Segment Start: Supplied material

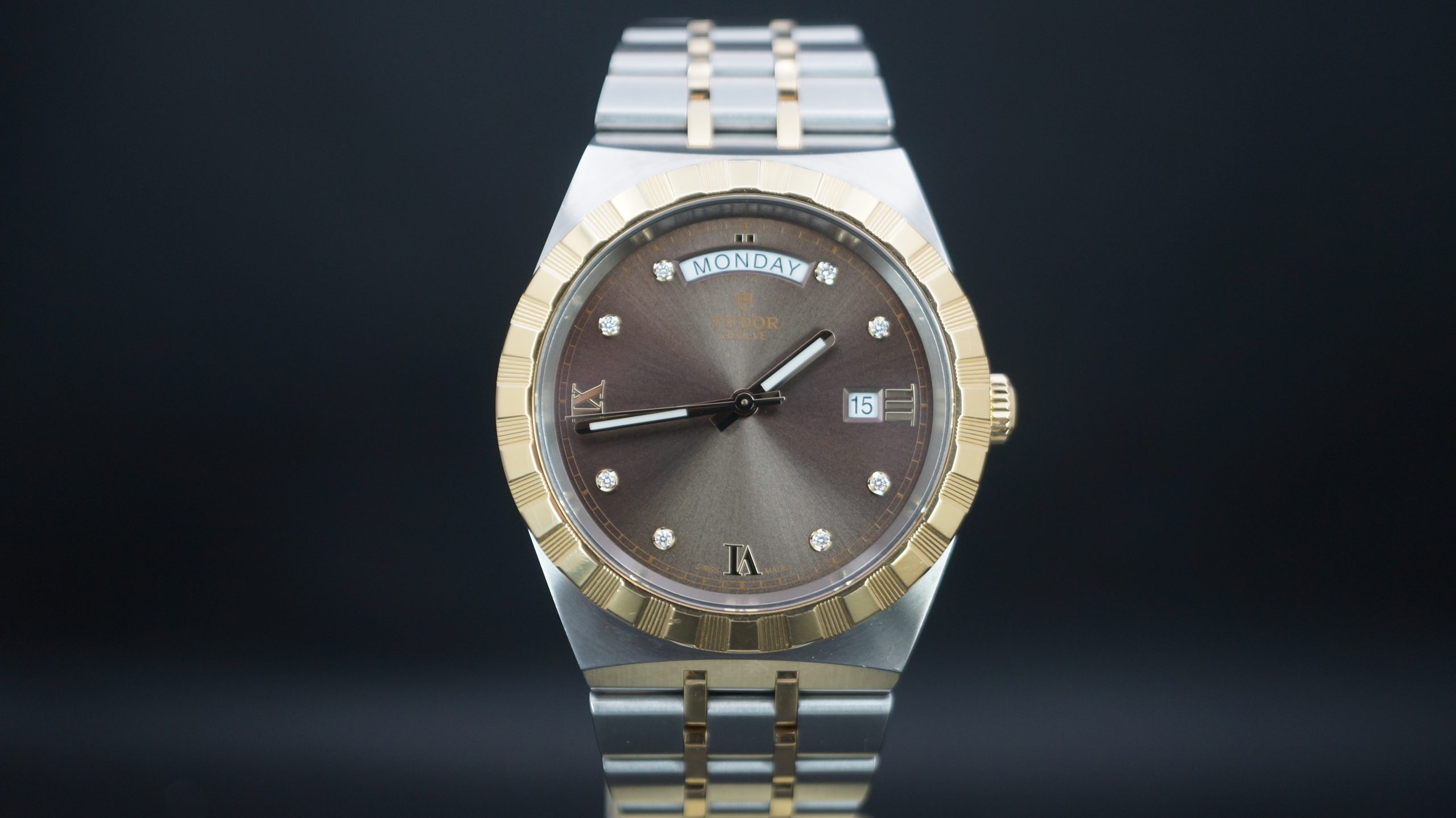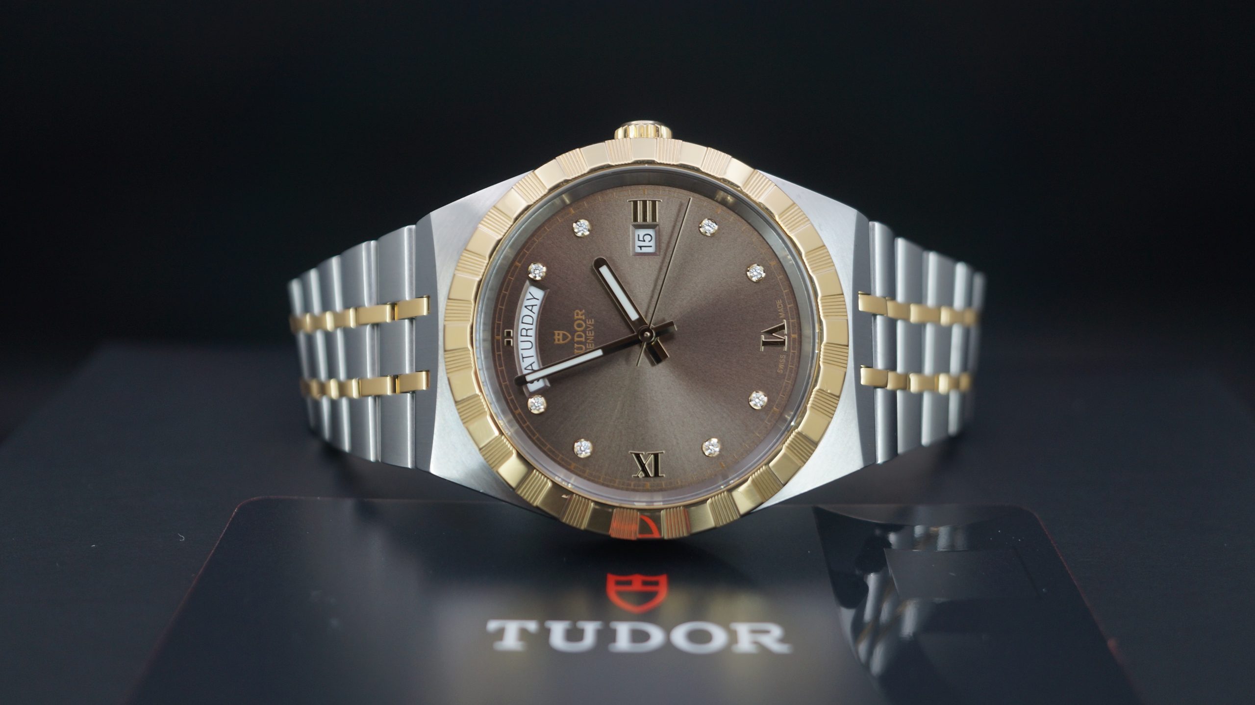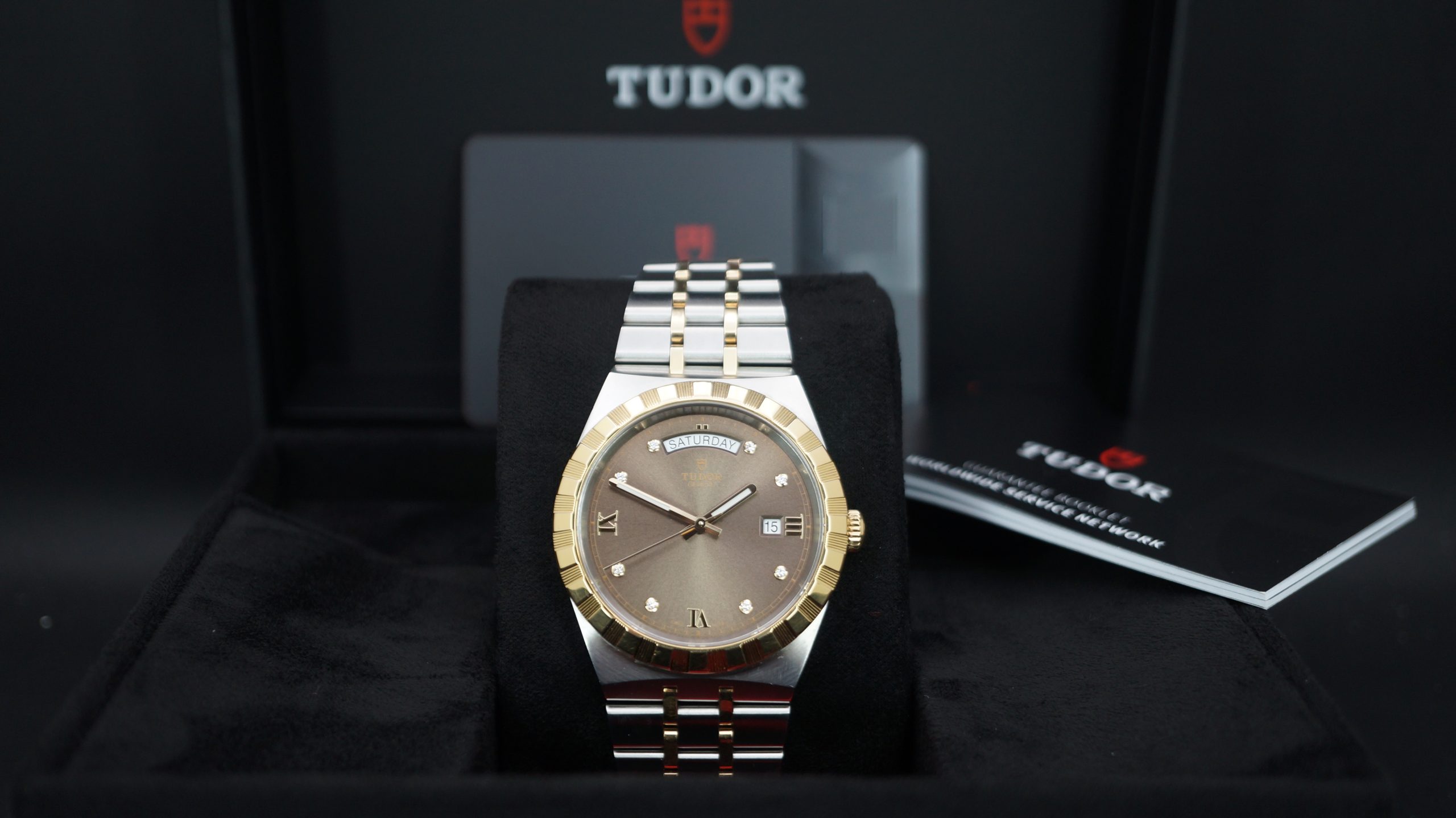 Tudor Royal 41mm Çelik /Altın Pırlantalı Çikolata Kadran Kutu & Sertifika Ref:M28603
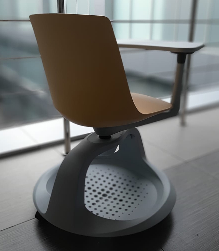 Пластиковая двухлучевая база высотой 310 мм (без колёс), общий диаметр — 670 мм.
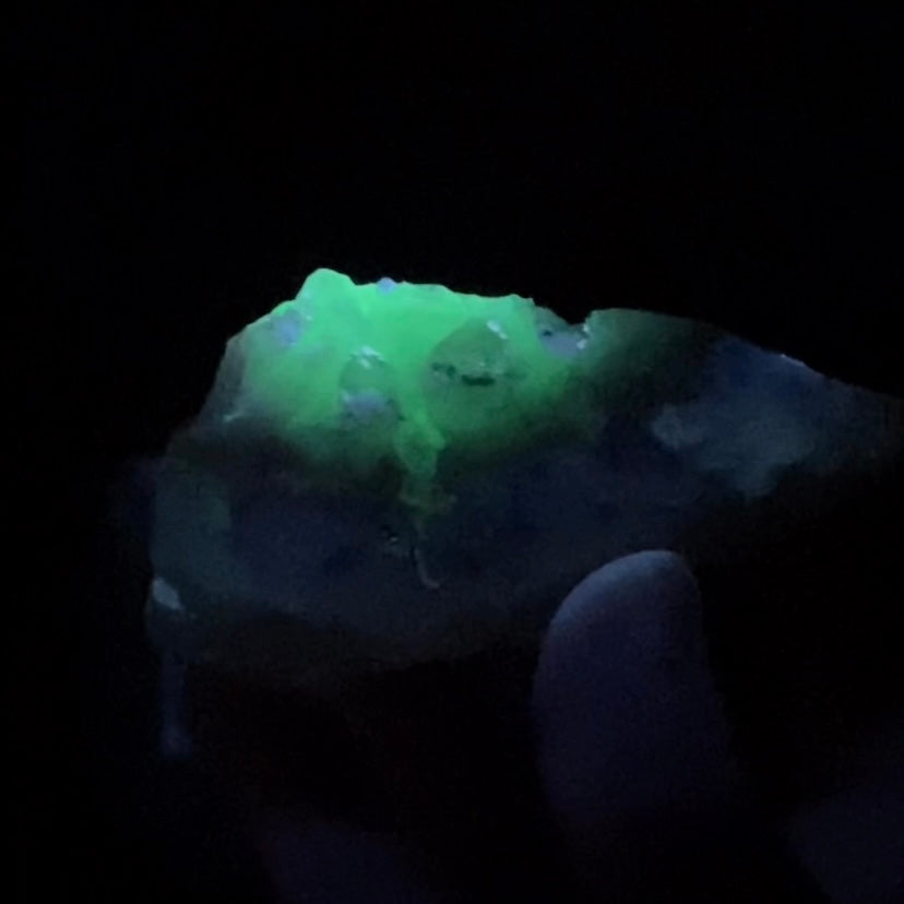 The piece is UV reactive and fluoresces shades of white and light colors with long wave UV light source (365 nm) and a beautiful green in limited areas with 254nm short wave UV.
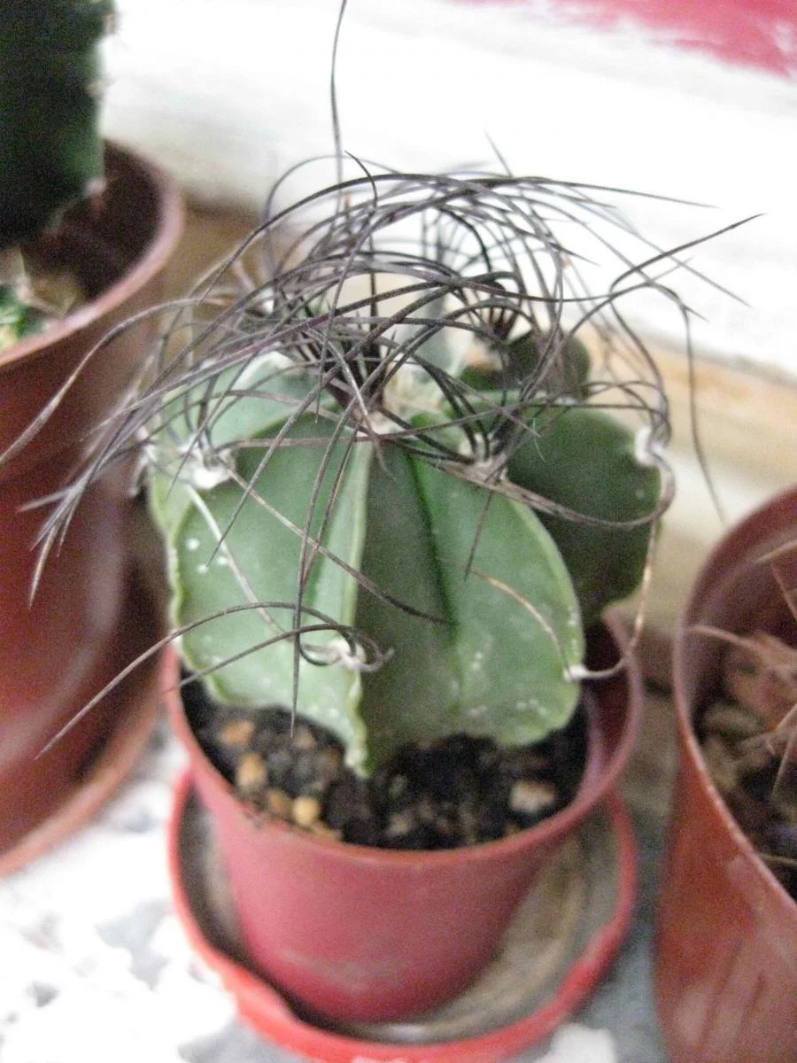 Из именитых у меня только астрофитум с длинными иголками, но опять же при переезде бирка потерялась, и я не помню его гордое имя.

Segment End: Supplied material

What is required
Each line of the listing above must be given again exactly; the pictures are to be left out.

Response area
 Tudor Royal 41mm Çelik /Altın Pırlantalı Çikolata Kadran Kutu & Sertifika Ref:M28603
 Пластиковая двухлучевая база высотой 310 мм (без колёс), общий диаметр — 670 мм.
 The piece is UV reactive and fluoresces shades of white and light colors with long wave UV light source (365 nm) and a beautiful green in limited areas with 254nm short wave UV.
 Из именитых у меня только астрофитум с длинными иголками, но опять же при переезде бирка потерялась, и я не помню его гордое имя.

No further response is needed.